When I was 19, I worked for a small newspaper and briefly hosted a half-hour cable television program while in college, before taking a job at a radio station in a small Saskatchewan town. I loved the profession of being a journalist, of reporting the news in what I hoped was an unbiased fashion. Those days are nearly 40 years in the past, and I have long sensed my ideals were not necessarily shared by my compatriots.
Some are fiction writers, propagandists or just plain bullshit artists. Take the recent events surrounding Tony Stewart. The references to the “hot head” Tony Stewart really burn me, as though his past demonstrations of temperament have any more to do with the events of last weekend than whether or not he takes a morning tinkle upon awakening or if his facial stubble is the result of a poor razor. What reason did Stewart have to be angry that night? If anything, you would think that rattling the cage of a young man would have put a smile on his face.
Some speculate that Stewart was sending a message to the lad, gunning his engine to spray mud over him as he passsed by. Even worse, some claim this was a deliberate act. All this ignores the fact that there is no movement in the car, no revving of an engine (from him or anyone else) until the moment of impact. Not before the accident, but instantaneous. The much seen video plainly shows this, but that would not do for the narrative some wish to paint, facts be damned.
Unless there is proof showing otherwise, we must accept that Kevin Ward Jr., in his anger and bravado, simply forgot himself and stepped too close to Stewart’s passing car and got caught by the rear wheel. His family and friends might see it differently, and to be honest I firmly believe I would not react any differently than they have. They have earned the right to feel as they do in order to deal with this loss.

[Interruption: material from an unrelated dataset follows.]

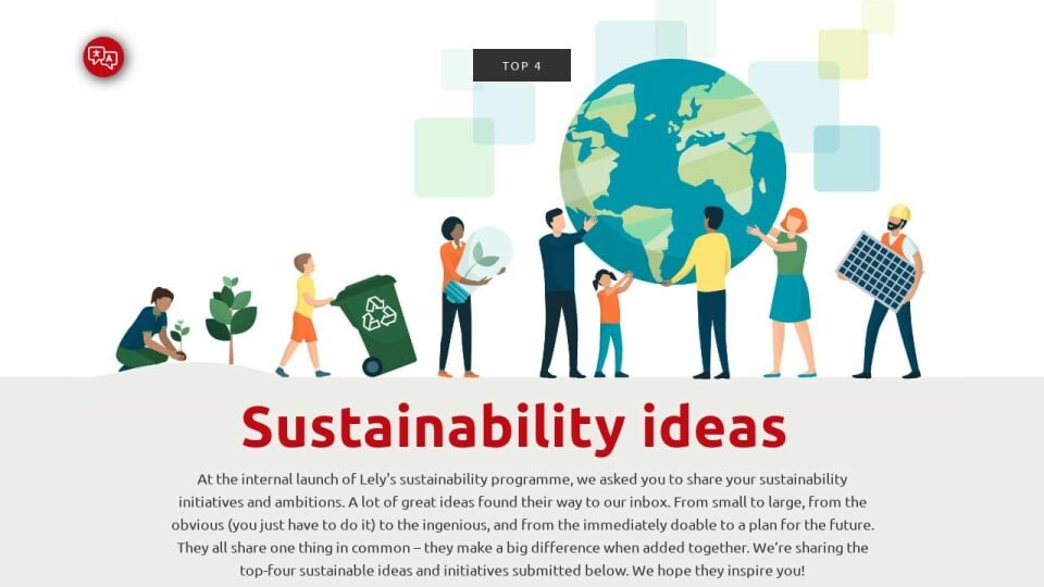 At the internal launch of Lely's sustainability programme, we asked you to share your sustainability initiatives and ambitions. A lot of great ideas found their way to our inbox. From small to large, from the obvious (you just have to do it) to the ingenious, and from the immediately doable to a plan for the future. They all share one thing in common – they make a big difference when added together. We’re sharing the top-four sustainable ideas and initiatives submitted below. We hope they inspire you!

There are those no more connected to the events at Canandaigua Motorsports Park than myself who have viewed the same video, yet come to a completely opposite opinion to the one I hold. That also is their right, though I firmly believe they are wrong. I would like to think that if we viewed it together in the same room we might reach a consensus, but I doubt it. You get the feeling that if some had been characters in the Henry Fonda classic “12 Angry Men” it would have been a very short movie.
No, my problem is with the supposed unbiased members of the Fourth Estate who forget, or just ignore, that their job is to concentrate on the facts, of what we know, and not to embellish their reports with unrelated labeling, speculation or distortion. In doing so, they cheapen their profession and come across as no better, if not worse, than any untrained, unseasoned amateur blogger.
If Tony Stewart is to be hanged by public opinion, we should at least expect it to be done based on facts and available evidence, not misleading, contrived and irresponsible misinformation. That former 19 year old journalist still holds on to his ideals, but has long realized to not expect everyone to share them. Maybe it is time that he, and you, start demanding that those expectations be met. That is, unless lynching is something you can embrace.